Montag, 2. März 2015

Moldawien: Empörung im Greenroom


Moldawien - Osteuropäische Vorentscheide enden gerne einmal im völligen Chaos, besonderes Beispiel ist die Ukraine, in der regelmäßig nachträglich alles disqualifiziert wird, was Beine hat. Dieses Jahr hat sich der Pöbel gegen den Sieger des moldawischen Vorentscheids, den Ukrainer Eduard Romanyuta, gerichtet, vielleicht nicht ganz zu Unrecht.
 
Ich muss zu seiner Ehrenrettung im Vorfeld sagen: er hat den einzigen Uptempo-Song in diesem Jahr bisher, der die Bezeichnung auch verdient. Dennoch scheint bei "O Melodie Pentru Europa" einiges nicht ganz koscher gewesen zu sein. Es gehört schon einiges dazu, dass nach der Bekanntgabe des Siegers in Chisinau die gesammelte Line Up des Vorentscheids anfängt den Sänger auszubuhen und geschlossen den Saal verlässt und die Aftershow-Party boykottiert.
 
Unmittelbar nach der Show postete Pasha Parfeny: "RIP Eurovision Moldawien, es ist egal, dass der Ukrainer ist.

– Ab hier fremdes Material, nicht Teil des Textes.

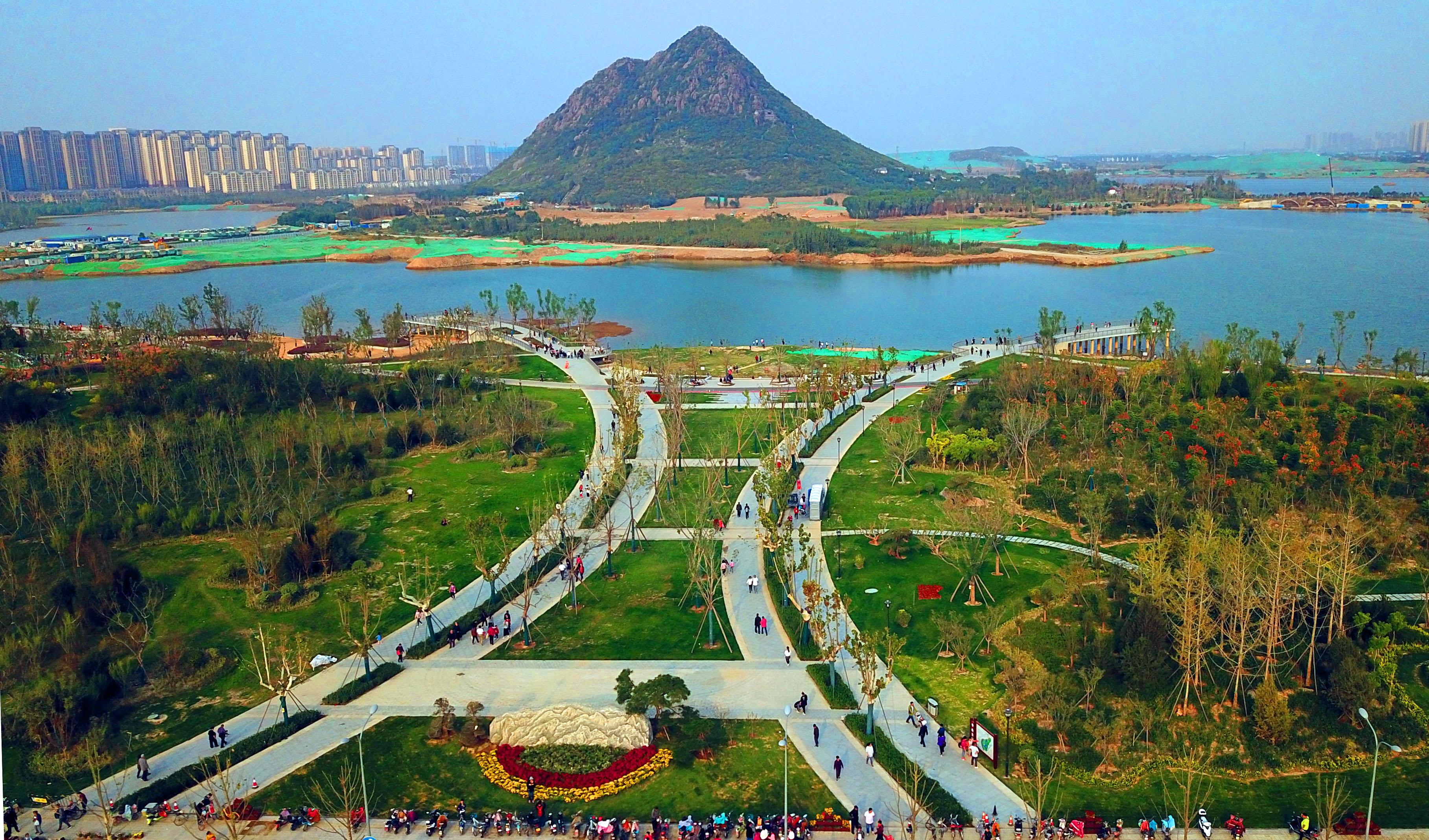 华山西、南、北三侧的园林景观绿化工程已基本竣工,景观达到预期效果,华山东侧的主体景观建设已基本完成;

Was nicht egal ist, ist, dass er korrupt ist." Es ist schon beachtlich, dass er über 13.500 Stimmen in einem vergleichsweise armen und kleinen Land wie Moldawien auf sich vereinen konnte und die Juroren ebenfalls derart positiv für Eduard stimmten. Ihm wird vorgeworfen, rund 200 SIM Cards verteilt zu haben, mit der Intention, mehr Stimmen zu erhalten. Ein Prozedere, das man sonst nur aus Aserbaidschan kennt.
 
Das der Song auch noch ein Plagiat von Mariah Carey "It's like that" sein soll, ist dabei fast nebensächlich. Erboste Reaktionen gab es im Anschluss u.a. auch von Doinita Gherman, Serj Kuzenkoff und Dana Markitan, man schaue sich dieses Video an, Dana läuft zur Höchstform auf. Auch die moldawischen Fans fanden die Entscheidung fragwürdig und protestierten. Ob TRM in dieser Sache tätig wird und zumindest eine Klärung anberaumt, wird sich in den kommenden Tagen zeigen.